For public servants in this field, it has proven difficult to influence political leaders who so far have been successful by relying on their gut feelings rather than hard evidence in their decision-making. Even where 'big data' are being adopted as a support for decisions, however, the quality of the data as well as of the analysis must be questioned; the provenance of the data, the models used for 'big data' analytics, the conceptual models for understanding the findings all remain in ther very early stages.
In this new world, data scientists wield considerable power, and their training to exercise this power is limited - they may have the computing and statistics skills, but not necessarily the analytical, social sciences, or diplomatic skills to enable their insights to be effectively incorporated into decision-making skills. Even where 'big data' are being used, the selection of evidence may remain biassed and incomplete.
There is also a danger of civil servants dividing the populace into a number of data-circumscribed sub-populations, and of treating these populations as clients or consumers rather than citizens; further, information from sources other than 'big data' may be sidelined in decision-making processes unless clear evidence is also covered in the quantitative data sources themselves.
More generally, there is a 'climate of fear' in the public service in Canada at the moment, and scientists are unable to speak freely for fear of retribution from their political masters and funders. This is wrapt up with neoliberal ideologies in the current Canadian government - government is being reshaped to serve business and industry interests, and long-term measures of societal changes (like the census) are being abolished.
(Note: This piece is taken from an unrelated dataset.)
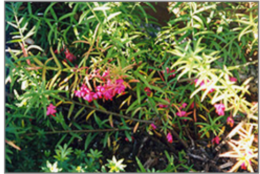
Turkestan Burning Bush flowers Photo courtesy of NetPS Plant Finder

This shrub performs well in both full sun and full shade. It is very adaptable to both dry and moist locations, and should do just fine under average home landscape conditions. It is not particular as to soil type or pH. It is highly tolerant of urban pollution and will even thrive in inner city environments. This is a selected variety of a species not originally from North America.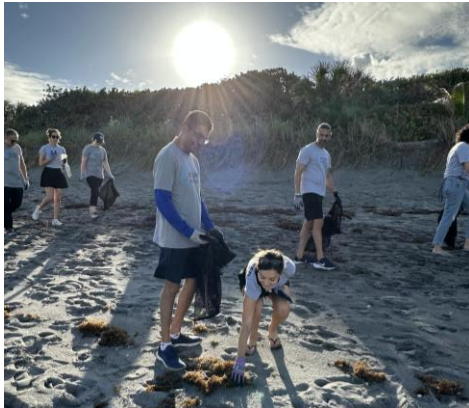
Figure 1. Beach cleanup volunteers from 12.01.25.

This makes the weighting of more specific 'big data' sources (e.g. social media data) in relation to underlying demographic patterns all the more difficult.
With the turn to 'big data' there is a concern over a computational turn in public thinking - what is measured and what is ignored in this will have very substantial impacts on future public policy. We must be concerned about the congruence of data-driven decision-making and neoliberal rationality, extending market values into all aspects of our way of life. In this way, the turn to 'big data' rationalises neoliberal thinking, enabling the quantification of life based on calculated reasoning, a strong emphasis on individualism, a focus on measuring consumption, and the identification of 'useless' subgroups of society.
There is also a potential turn away from causality to mere correlation, where the reasons why certain things are happening are ignored by policies which merely use the levers which emerge out of correlated patterns. We need to be concerned about the ways in which 'big data' models from market research are being integrated into policy-making, and need to query the market principles of the 'big data' business itself.